Hi,
NLTK could become faster with a bit of Cython code; I want to add a Cython extension with small helper functions in order to make nltk.hmm (and probably nltk.probability) faster.
NLTK currently doesn't require C/C++ compiler to install, and I don't want to change this. Also, Cython extensions could be slow or non-working under PyPy. So we need to make the Cython extensions optional.
An another way is to create a *separate* pip-installable package (e.g. "nltk_speedups" - better names are welcome) with necessary Cython extensions.
Then, in both cases, basically use the following pattern:
def foo():
# ... pure-Python version
try:
from somewhere import foo as _foo
_foo_ original = foo
foo = _foo
except ImportError:
pass
Disadvantage of optional Cython extensions is that we have 2 versions of the same code. There is "pure" mode in Cython (see
http://docs.cython.org/src/tutorial/pure.html ) which allows to maintain only a single version of the code, but it doesn't provide all Cython features, and it is not maintained as well as the rest of Cython.

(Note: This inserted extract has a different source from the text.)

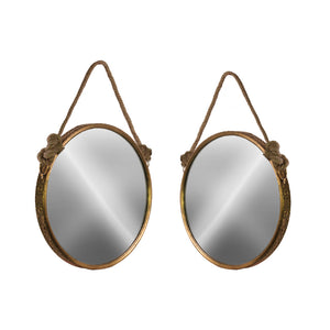 Antiqued Wall Mirror with Rope Handle Set of 2 - Gold - Benzara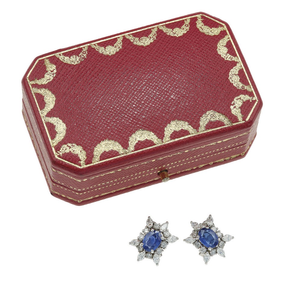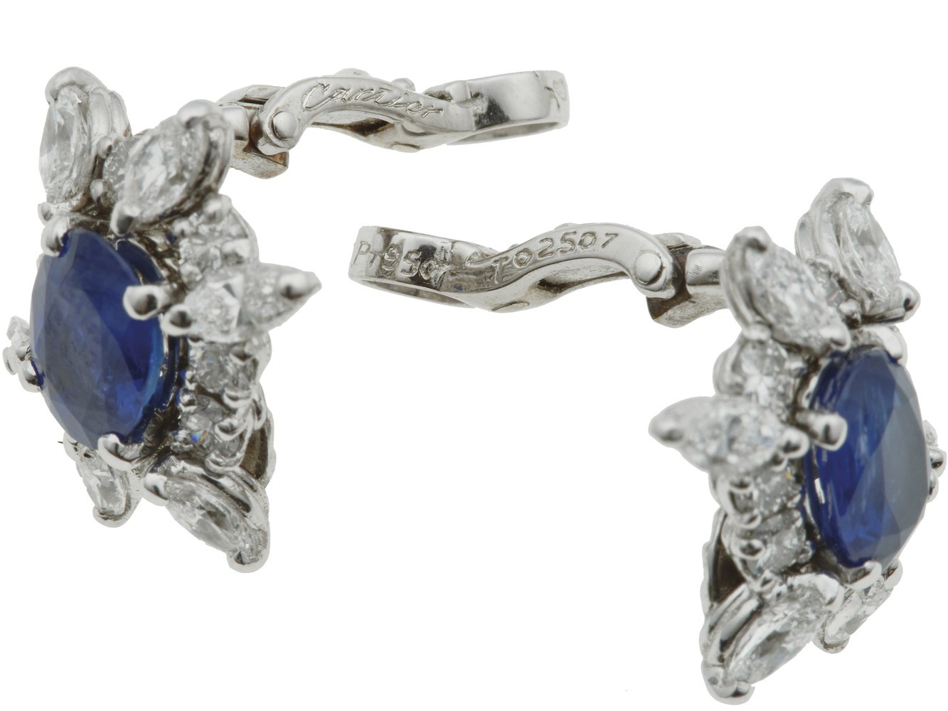 Cartier. Orecchini con zaffiri Sri Lanka di ct 1.30 e 1.40 circa e diamanti taglio navetta e brillante a contorno

The advantage of a separate package with extensions is that we avoid all possible installation issues (main NLTK works as before and extensions are totally optional), and that the main NLTK repo is not cluttered with generated C code. Disadvantages are that aligning nltk and nltk-speedups versions could become an issue, and that duplicate code is spread into 2 packages instead of one. I think this approach is viable if an extensions package consists of small helper functions (and not the entire algorithms). It is better to keep extensions small anyway (in order to decrease code duplication and simplify maintenance) - but it may be not always possible to extract "hot" parts.
What do you think? Should we introduce Cython speedups to NLTK, and if we should, then how?